### [WHAT IS REQUIRED]
When you copy the material below, keep every line exact and omit the pictures.

### [INFORMATION SHOWN]
=-=-=-=-=

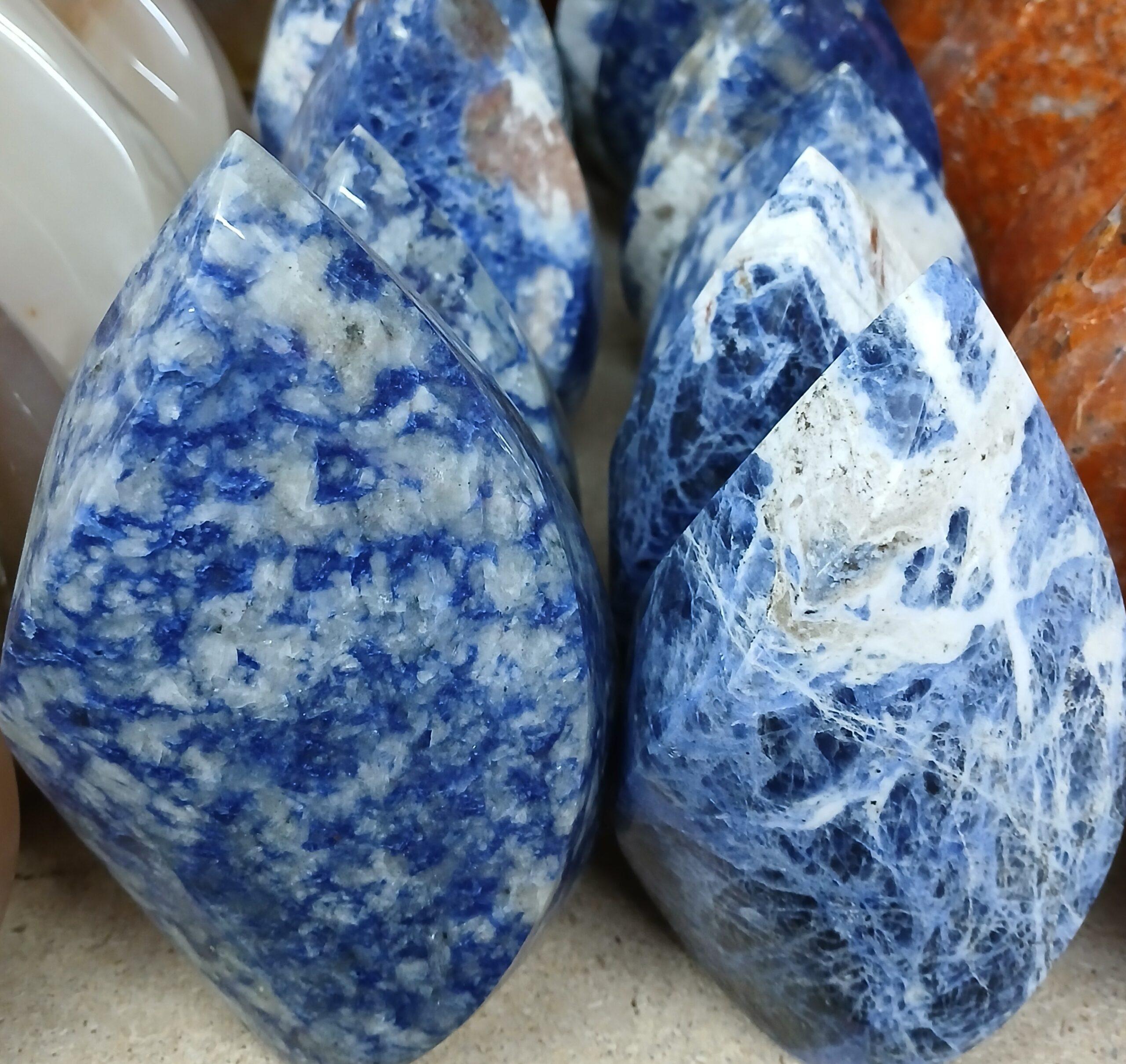 Sodalita pulida en forma de llama. Esta forma simboliza transformación y energía en movimiento, lo que la convierte en una excelente opción decorativa o energética para espacios que buscan protección y renovación.
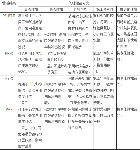 內(nèi)層為承壓塑料管道,要求具有優(yōu)異的高溫耐壓能力(如PE-RTⅡ管道)
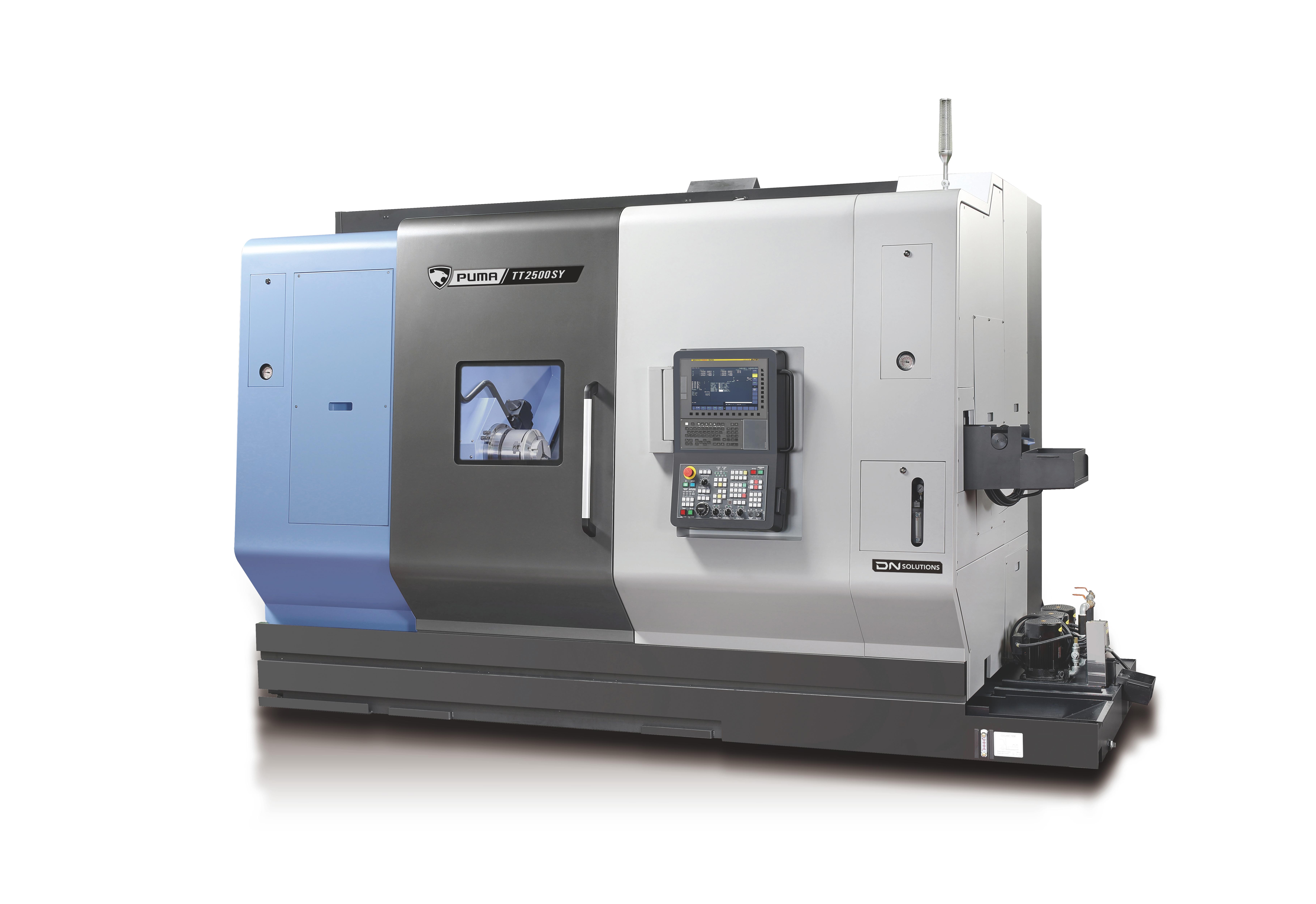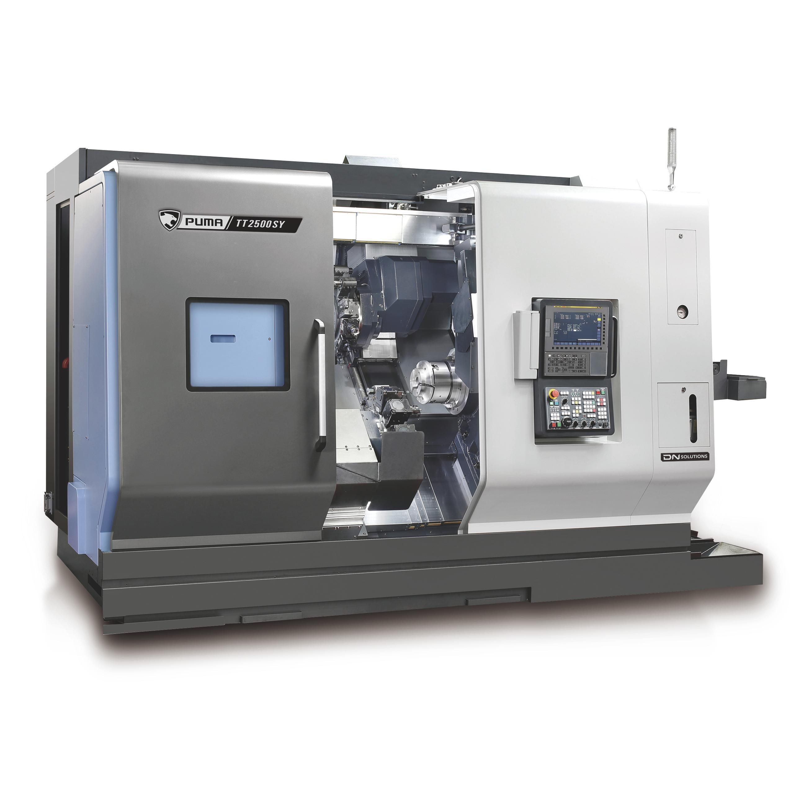 PUMA TT1300, TT1800, TT2100 och TT2500-serien är högproduktivt horisontella svarvcentra med stångkapaciteter från 42 mm till 81 mm. Dessa maskiner är utrustade med två motstående spindlar och övre/undre revolvrar med Y-axelkapacitet för samtidig två-yts bearbetning. Båda spindlarna har lika kraft och kapacitet, vilket möjliggör oberoende drift och automatisk arbetsstyckesutmatning, vilket avsevärt ökar produktiviteten. Favorit världen över, PUMA TT-serien är känd för sin bästa prestanda i klassen och tillförlitlighet, vilket gör den till en av DN Solutions toppsäljande produkter. |
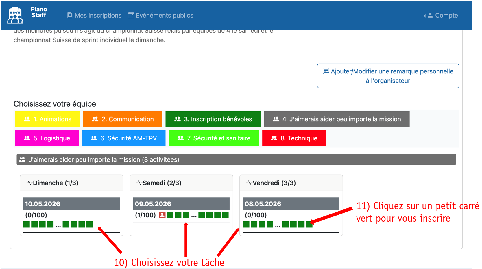 - La plateforme Planostaff nous permet également de prévoir les t-shirts, les repas, et le souper des bénévoles. Merci de vous inscrire de manière sérieuse et complète.

=-=-=-=-=

### [YOUR RESPONSE]
 Sodalita pulida en forma de llama. Esta forma simboliza transformación y energía en movimiento, lo que la convierte en una excelente opción decorativa o energética para espacios que buscan protección y renovación.
 內(nèi)層為承壓塑料管道,要求具有優(yōu)異的高溫耐壓能力(如PE-RTⅡ管道)
 PUMA TT1300, TT1800, TT2100 och TT2500-serien är högproduktivt horisontella svarvcentra med stångkapaciteter från 42 mm till 81 mm. Dessa maskiner är utrustade med två motstående spindlar och övre/undre revolvrar med Y-axelkapacitet för samtidig två-yts bearbetning. Båda spindlarna har lika kraft och kapacitet, vilket möjliggör oberoende drift och automatisk arbetsstyckesutmatning, vilket avsevärt ökar produktiviteten. Favorit världen över, PUMA TT-serien är känd för sin bästa prestanda i klassen och tillförlitlighet, vilket gör den till en av DN Solutions toppsäljande produkter. |
 - La plateforme Planostaff nous permet également de prévoir les t-shirts, les repas, et le souper des bénévoles. Merci de vous inscrire de manière sérieuse et complète.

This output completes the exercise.